» **Task brief**
Given these entries, repeat exactly the lines starting with the one that has "Opera polimaterica a" and going on through the one that has "The inside has", both included, but none of the pictures.

» **Data extracts**
★ ★ ★ ★ ★ ★ ★

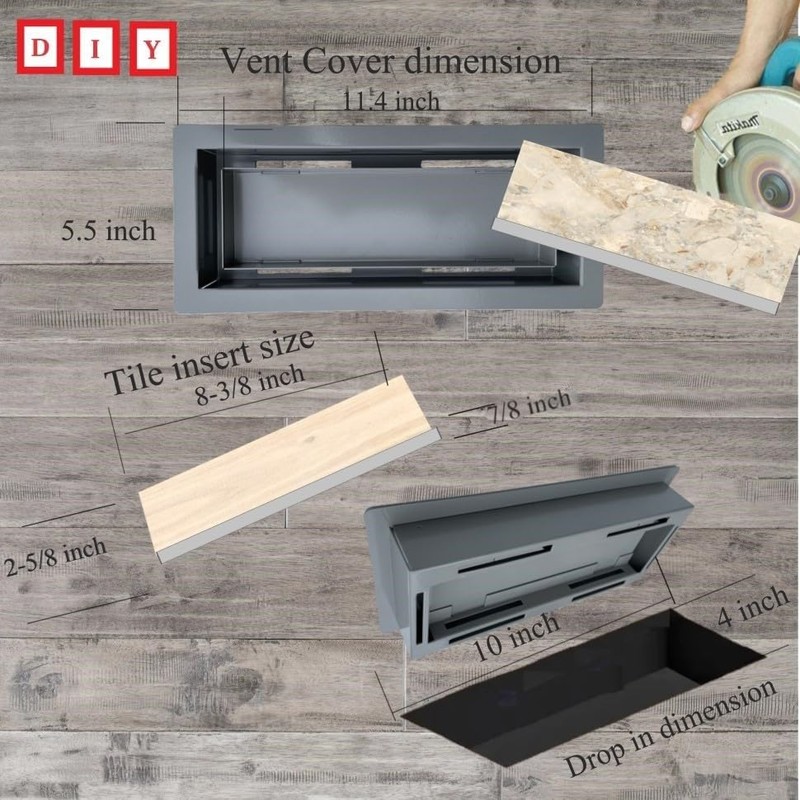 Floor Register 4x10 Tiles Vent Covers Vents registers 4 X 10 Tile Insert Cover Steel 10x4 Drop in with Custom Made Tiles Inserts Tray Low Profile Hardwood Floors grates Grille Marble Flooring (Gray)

★ ★ ★ ★ ★ ★ ★

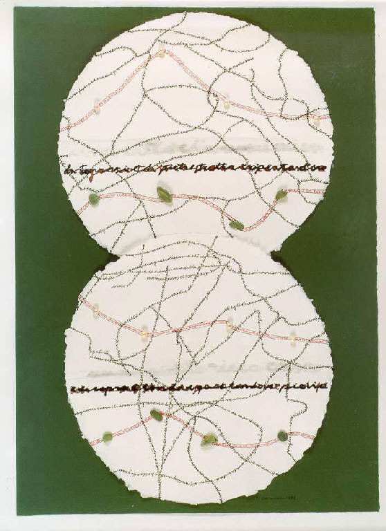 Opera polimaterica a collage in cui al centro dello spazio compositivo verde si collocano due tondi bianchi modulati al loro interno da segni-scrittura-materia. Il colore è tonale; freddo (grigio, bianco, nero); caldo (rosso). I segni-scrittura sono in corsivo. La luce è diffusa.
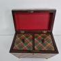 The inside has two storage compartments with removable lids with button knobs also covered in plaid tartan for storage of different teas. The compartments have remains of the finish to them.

★ ★ ★ ★ ★ ★ ★

» **Expected answer**
 Opera polimaterica a collage in cui al centro dello spazio compositivo verde si collocano due tondi bianchi modulati al loro interno da segni-scrittura-materia. Il colore è tonale; freddo (grigio, bianco, nero); caldo (rosso). I segni-scrittura sono in corsivo. La luce è diffusa.
 The inside has two storage compartments with removable lids with button knobs also covered in plaid tartan for storage of different teas. The compartments have remains of the finish to them.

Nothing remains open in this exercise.